__WHAT IS NEEDED__: Copy exactly every line below, from the first through the one that contains "REM : les fibres", and skip all pictures.

__COLLECTED MATERIAL__:
# # #

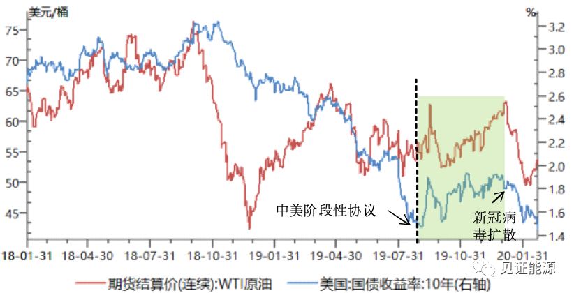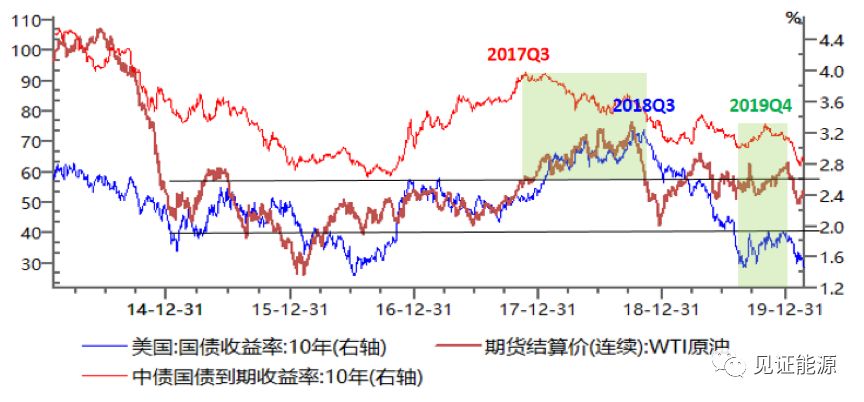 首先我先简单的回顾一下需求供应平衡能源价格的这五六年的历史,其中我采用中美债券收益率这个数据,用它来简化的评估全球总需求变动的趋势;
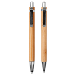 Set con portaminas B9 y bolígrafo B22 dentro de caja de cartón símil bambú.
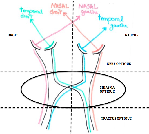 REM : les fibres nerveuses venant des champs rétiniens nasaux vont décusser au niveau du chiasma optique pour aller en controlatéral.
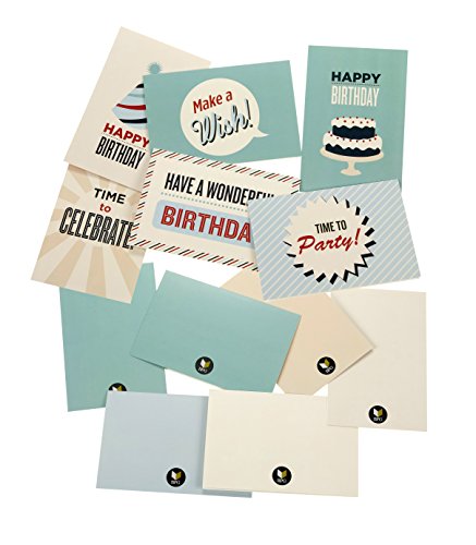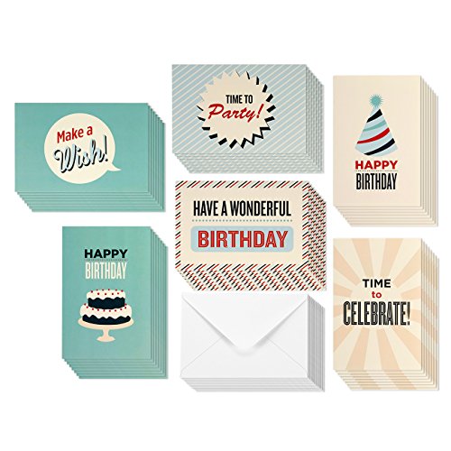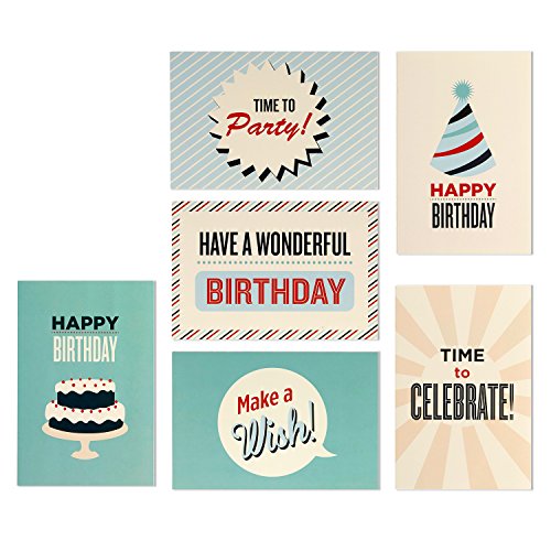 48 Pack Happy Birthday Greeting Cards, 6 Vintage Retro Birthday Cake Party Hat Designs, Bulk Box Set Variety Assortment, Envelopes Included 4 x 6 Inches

# # #

__EXERCISE RESULT__:
 首先我先简单的回顾一下需求供应平衡能源价格的这五六年的历史,其中我采用中美债券收益率这个数据,用它来简化的评估全球总需求变动的趋势;
 Set con portaminas B9 y bolígrafo B22 dentro de caja de cartón símil bambú.
 REM : les fibres nerveuses venant des champs rétiniens nasaux vont décusser au niveau du chiasma optique pour aller en controlatéral.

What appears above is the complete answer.